**EXTRACTED MATERIAL**
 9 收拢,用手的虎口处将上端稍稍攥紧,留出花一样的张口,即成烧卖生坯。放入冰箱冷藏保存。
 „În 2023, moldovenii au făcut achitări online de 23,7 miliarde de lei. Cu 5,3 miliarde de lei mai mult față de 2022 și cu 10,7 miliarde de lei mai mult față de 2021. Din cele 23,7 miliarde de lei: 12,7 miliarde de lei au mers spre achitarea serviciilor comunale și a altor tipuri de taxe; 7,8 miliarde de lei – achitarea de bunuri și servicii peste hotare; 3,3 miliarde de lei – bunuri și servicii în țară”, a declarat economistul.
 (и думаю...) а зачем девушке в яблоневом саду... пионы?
--
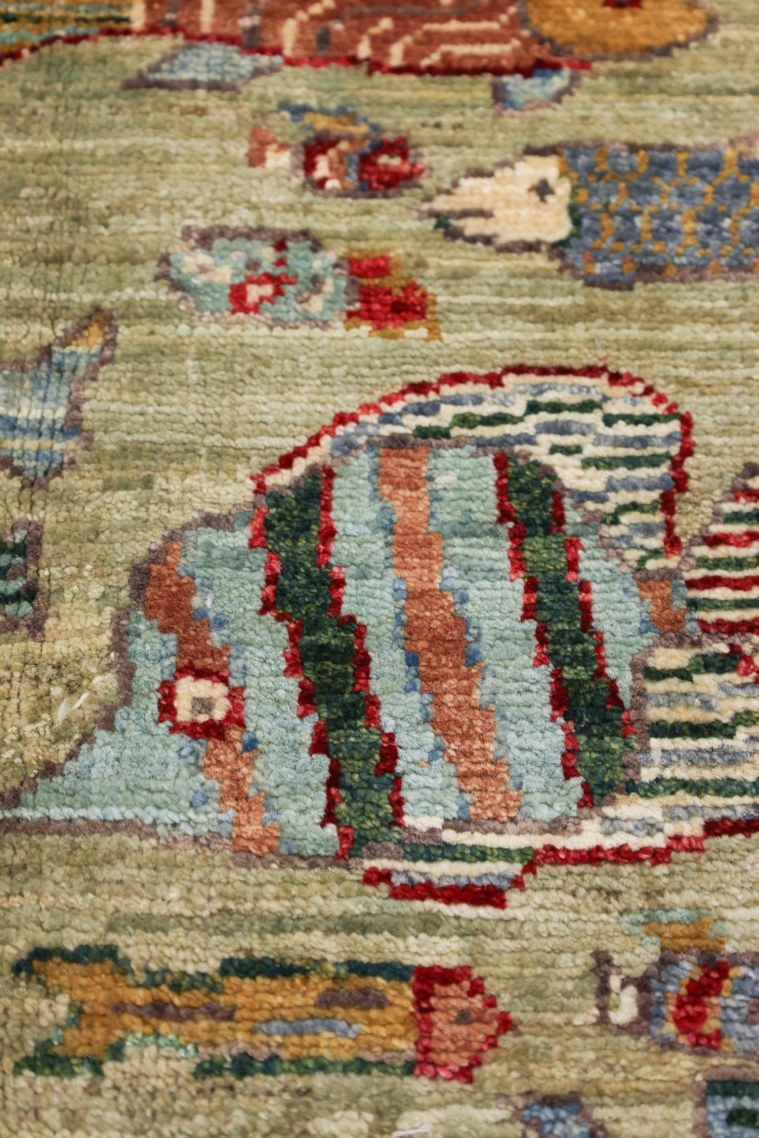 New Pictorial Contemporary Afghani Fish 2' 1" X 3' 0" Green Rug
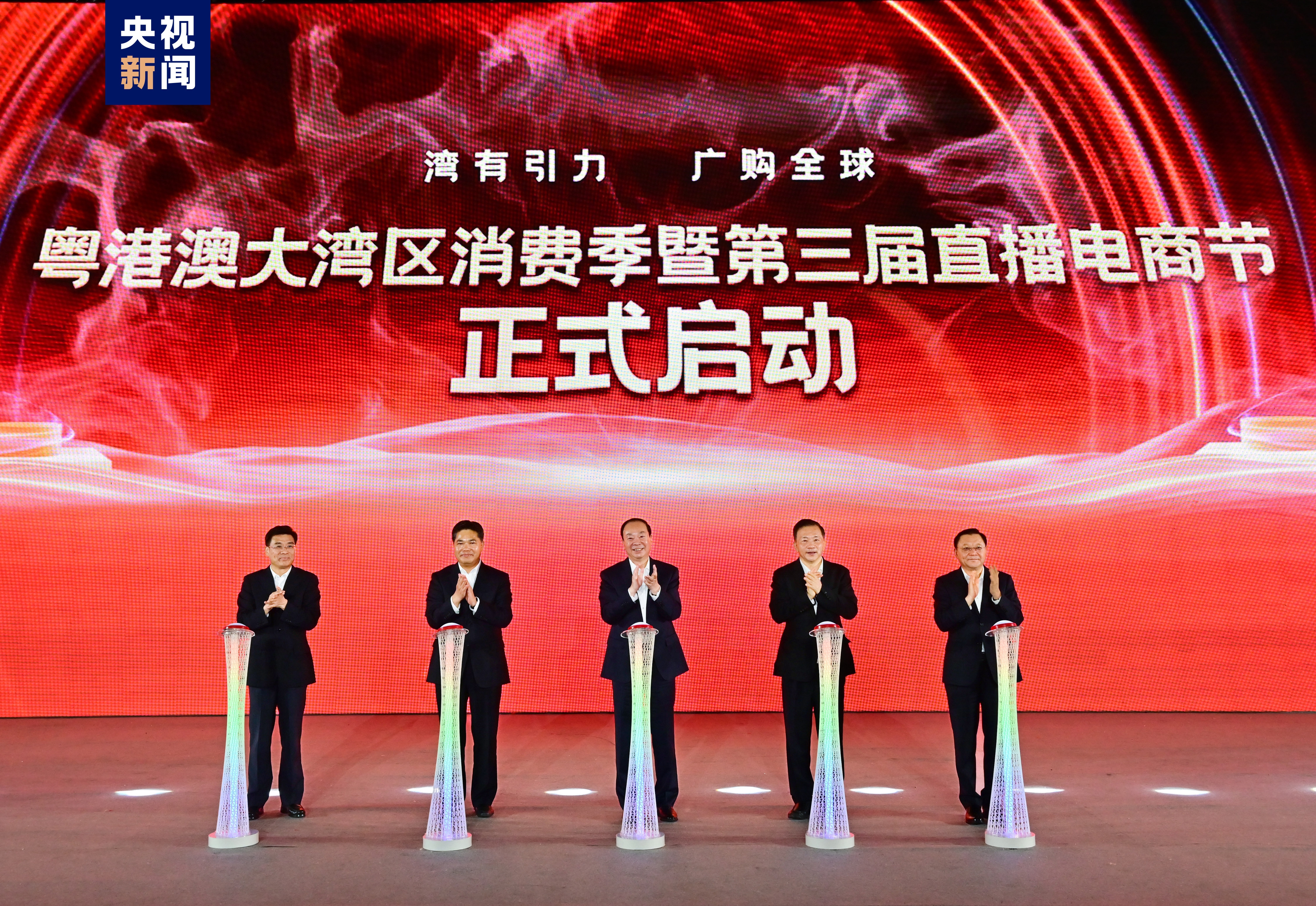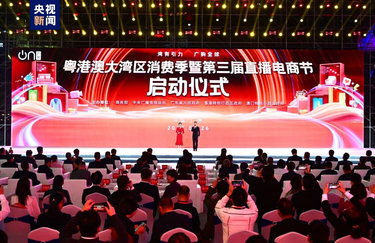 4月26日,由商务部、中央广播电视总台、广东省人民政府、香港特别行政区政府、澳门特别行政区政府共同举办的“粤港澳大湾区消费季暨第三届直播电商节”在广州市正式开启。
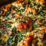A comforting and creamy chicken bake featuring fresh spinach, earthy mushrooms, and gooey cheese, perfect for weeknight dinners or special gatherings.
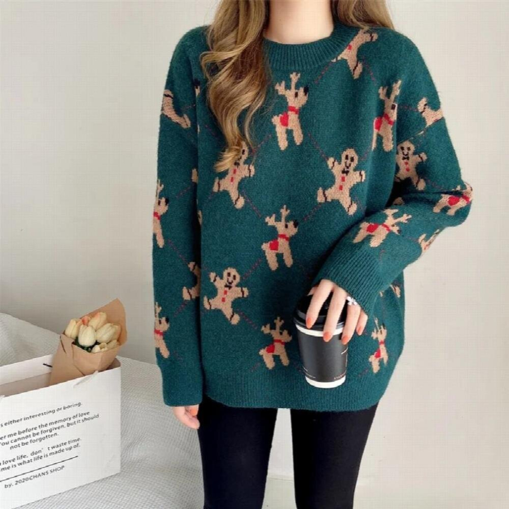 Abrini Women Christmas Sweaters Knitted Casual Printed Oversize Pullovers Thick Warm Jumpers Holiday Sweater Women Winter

**YOUR INSTRUCTIONS**
Using the records above, copy word for word the line with "9 收拢,用手的虎口处将上端", the line with "(и думаю...) а", and every line between them.

**COMPLETED TASK**
 9 收拢,用手的虎口处将上端稍稍攥紧,留出花一样的张口,即成烧卖生坯。放入冰箱冷藏保存。
 „În 2023, moldovenii au făcut achitări online de 23,7 miliarde de lei. Cu 5,3 miliarde de lei mai mult față de 2022 și cu 10,7 miliarde de lei mai mult față de 2021. Din cele 23,7 miliarde de lei: 12,7 miliarde de lei au mers spre achitarea serviciilor comunale și a altor tipuri de taxe; 7,8 miliarde de lei – achitarea de bunuri și servicii peste hotare; 3,3 miliarde de lei – bunuri și servicii în țară”, a declarat economistul.
 (и думаю...) а зачем девушке в яблоневом саду... пионы?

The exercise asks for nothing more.